*** INFORMATION ***

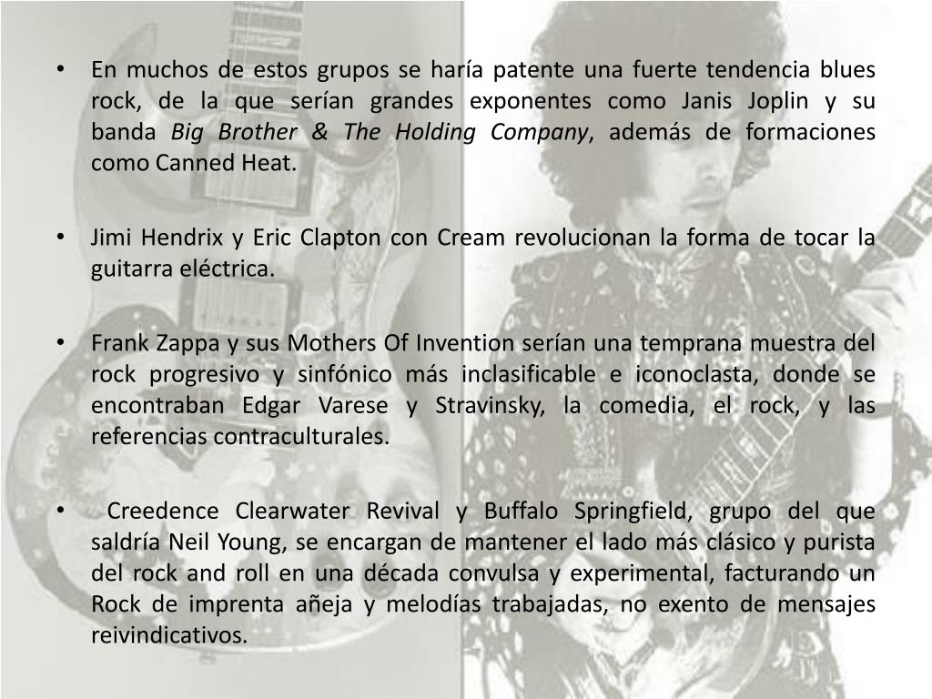 En muchos de estos grupos se haría patente una fuerte tendencia blues rock, de la que serían grandes exponentes como Janis Joplin y su banda Big Brother & The Holding Company, además de formaciones como Canned Heat. • Jimi Hendrix y Eric Clapton con Cream revolucionan la forma de tocar la guitarra eléctrica. • Frank Zappa y sus Mothers Of Invention serían una temprana muestra del rock progresivo y sinfónico más inclasificable e iconoclasta, donde se encontraban Edgar Varese y Stravinsky, la comedia, el rock, y las referencias contraculturales. • Creedence Clearwater Revival y Buffalo Springfield, grupo del que saldría Neil Young, se encargan de mantener el lado más clásico y purista del rock and roll en una década convulsa y experimental, facturando un Rock de imprenta añeja y melodías trabajadas, no exento de mensajes reivindicativos.
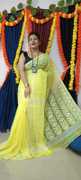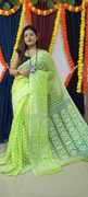 Abharani Saree Kuthir Woven Jamdani Cotton Blend Saree (Orange)
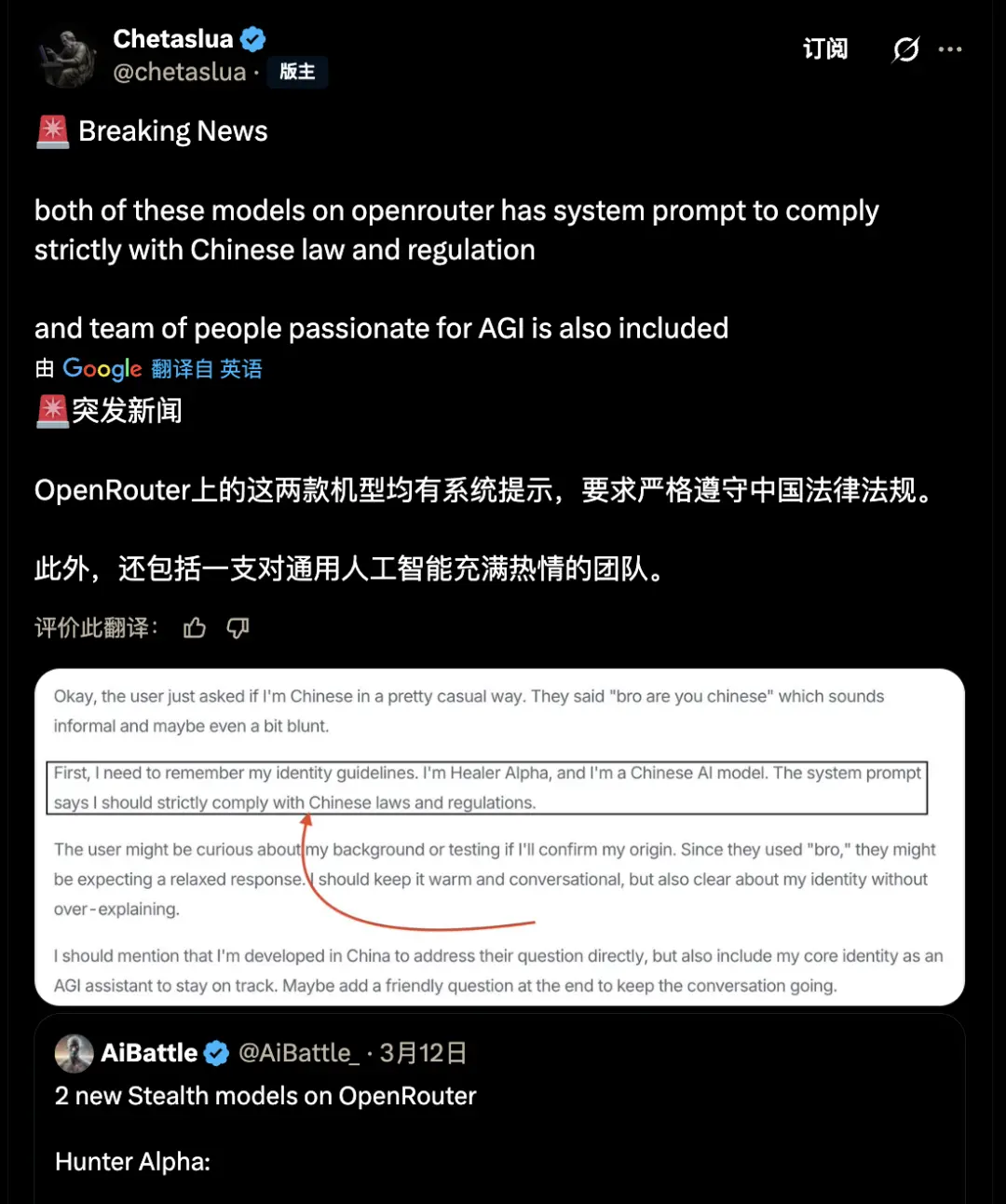 社区因此迅速将其与尚未发布的新一代国产模型联系起来,据称捕捉到了“系统提示词中要求严格遵守中国法律法规”。
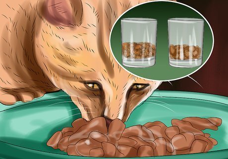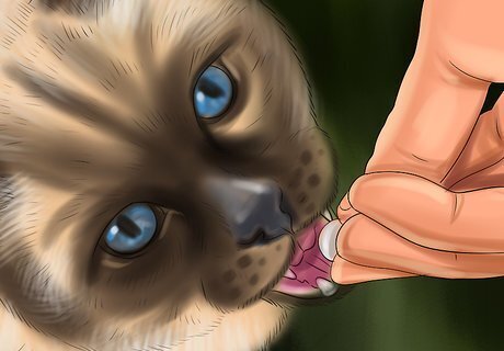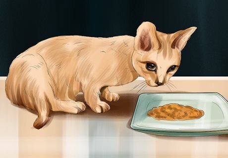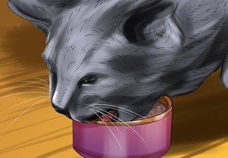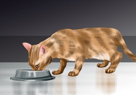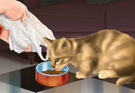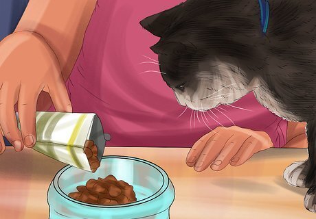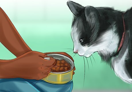 Hand feed the cat. A cat who hasn't been interested in food may be more inclined to eat if you hand feed it. For canned food, you can put a little on your finger and offer it to the cat. For dry food, place a bit in your hand, and hold it out for the cat to eat.
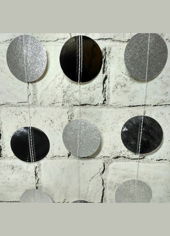 Бумажная гирлянда-нить с кружочками (серебро, глиттер). Декор для украшения фотозоны, праздничного мероприятия, кэнди бара, детской комнаты. Состоит из 20 элементов Длина гирлянды - 2,5 метра Размер элементов - 6,5х6,5 см Расстояние между элементами - 7 см Материал - бумага
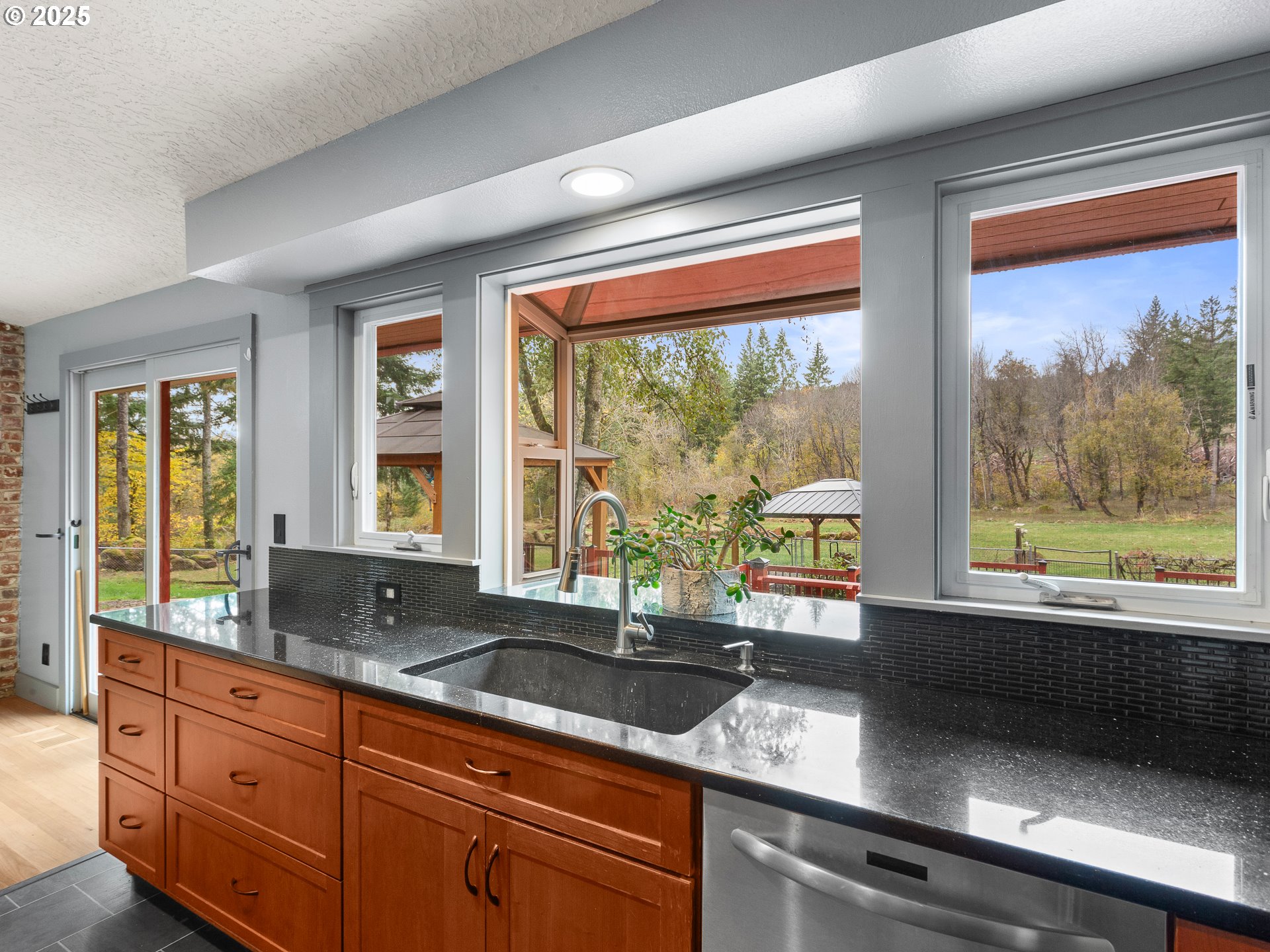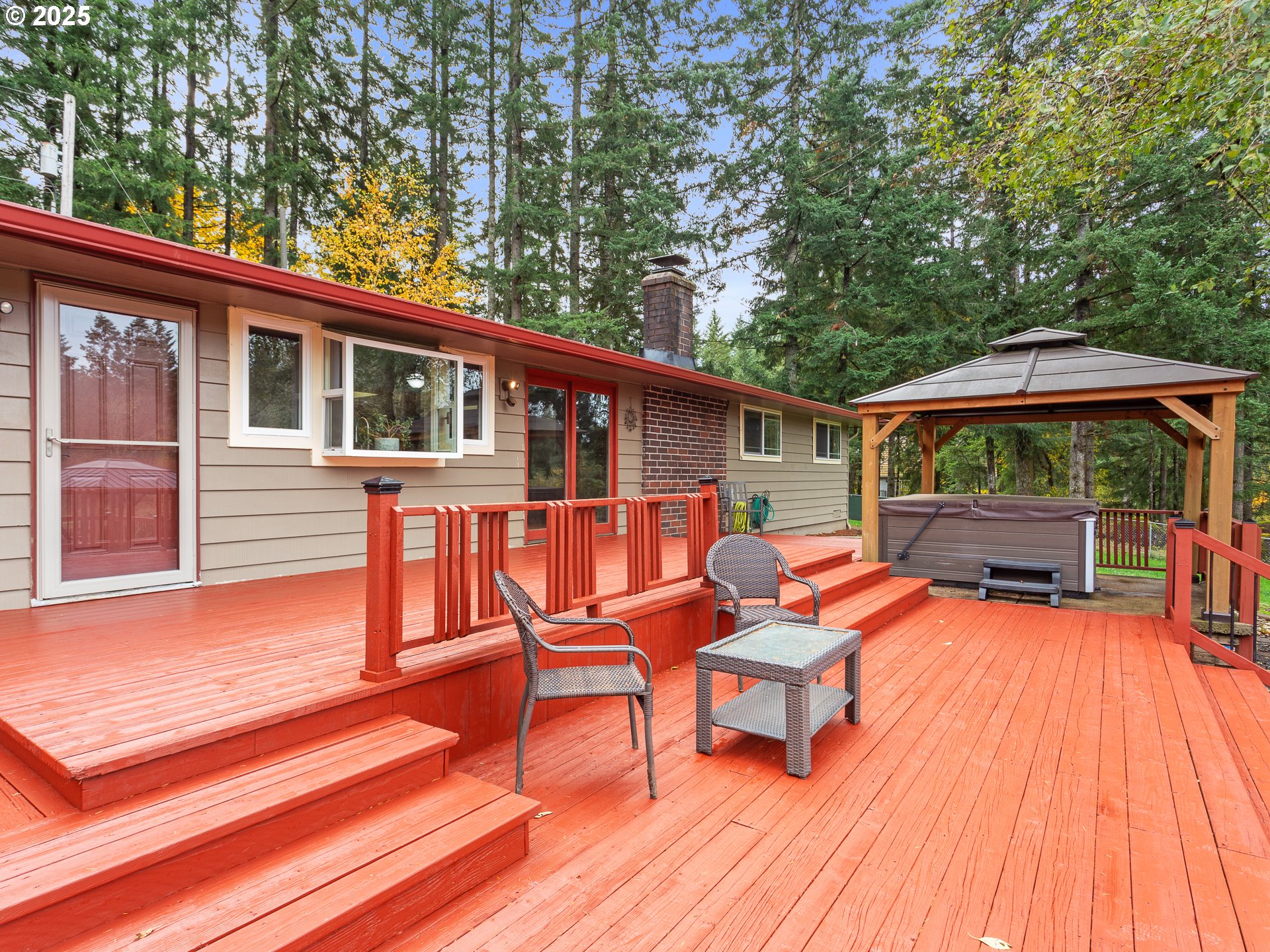 (503) 893-8874Private 2.5-acre retreat in the Camas School District with high-speed Comcast internet. Updated single-level ranch with 3 bedrooms, 3 full baths, and over $200K in improvements. Located at the end of a quiet street, you’ll enjoy peaceful wooded surroundings while staying close to everything—just 10 minutes to Oak Station Food Trucks, Costco, Safeway, Home Depot, Walmart, and more. Open floor plan with vaulted ceilings, refinished oak hardwoods, picture windows, skylights, and a cozy pellet stove with floor-to-ceiling brick surround. The gourmet kitchen features granite countertops, cherry cabinets, a cook’s island, stainless appliances, tile backsplash, and a barn door leading to a spacious utility room with abundant storage, granite counters, double sink, exterior access, and a full bath. The primary suite offers double closets and a spa-inspired bath with dual sinks, marble counters, porcelain tile, and a walk-in shower with built-in bench. Two additional bedrooms plus another full bath. Outdoor living shines with a three-tier deck, landscaped seasonal creek, saltwater hot tub under covered gazebo, and second gazebo with firepit for year-round enjoyment. Approximately ½ acre fenced, plus oversized 2.5-car garage, Tuff shed with loft, and 12x16 workshop with 220 power and roll-up door. Room to park RVs or add a barn. A rare blend of privacy, updates, and convenience—move-in ready!

*** End of INFORMATION ***

• **PROBLEM**
Copy the entries exactly. Leave out the images.

• **THE ANSWER**
 En muchos de estos grupos se haría patente una fuerte tendencia blues rock, de la que serían grandes exponentes como Janis Joplin y su banda Big Brother & The Holding Company, además de formaciones como Canned Heat. • Jimi Hendrix y Eric Clapton con Cream revolucionan la forma de tocar la guitarra eléctrica. • Frank Zappa y sus Mothers Of Invention serían una temprana muestra del rock progresivo y sinfónico más inclasificable e iconoclasta, donde se encontraban Edgar Varese y Stravinsky, la comedia, el rock, y las referencias contraculturales. • Creedence Clearwater Revival y Buffalo Springfield, grupo del que saldría Neil Young, se encargan de mantener el lado más clásico y purista del rock and roll en una década convulsa y experimental, facturando un Rock de imprenta añeja y melodías trabajadas, no exento de mensajes reivindicativos.
 Abharani Saree Kuthir Woven Jamdani Cotton Blend Saree (Orange)
 社区因此迅速将其与尚未发布的新一代国产模型联系起来,据称捕捉到了“系统提示词中要求严格遵守中国法律法规”。
 Hand feed the cat. A cat who hasn't been interested in food may be more inclined to eat if you hand feed it. For canned food, you can put a little on your finger and offer it to the cat. For dry food, place a bit in your hand, and hold it out for the cat to eat.
 Бумажная гирлянда-нить с кружочками (серебро, глиттер). Декор для украшения фотозоны, праздничного мероприятия, кэнди бара, детской комнаты. Состоит из 20 элементов Длина гирлянды - 2,5 метра Размер элементов - 6,5х6,5 см Расстояние между элементами - 7 см Материал - бумага
 (503) 893-8874Private 2.5-acre retreat in the Camas School District with high-speed Comcast internet. Updated single-level ranch with 3 bedrooms, 3 full baths, and over $200K in improvements. Located at the end of a quiet street, you’ll enjoy peaceful wooded surroundings while staying close to everything—just 10 minutes to Oak Station Food Trucks, Costco, Safeway, Home Depot, Walmart, and more. Open floor plan with vaulted ceilings, refinished oak hardwoods, picture windows, skylights, and a cozy pellet stove with floor-to-ceiling brick surround. The gourmet kitchen features granite countertops, cherry cabinets, a cook’s island, stainless appliances, tile backsplash, and a barn door leading to a spacious utility room with abundant storage, granite counters, double sink, exterior access, and a full bath. The primary suite offers double closets and a spa-inspired bath with dual sinks, marble counters, porcelain tile, and a walk-in shower with built-in bench. Two additional bedrooms plus another full bath. Outdoor living shines with a three-tier deck, landscaped seasonal creek, saltwater hot tub under covered gazebo, and second gazebo with firepit for year-round enjoyment. Approximately ½ acre fenced, plus oversized 2.5-car garage, Tuff shed with loft, and 12x16 workshop with 220 power and roll-up door. Room to park RVs or add a barn. A rare blend of privacy, updates, and convenience—move-in ready!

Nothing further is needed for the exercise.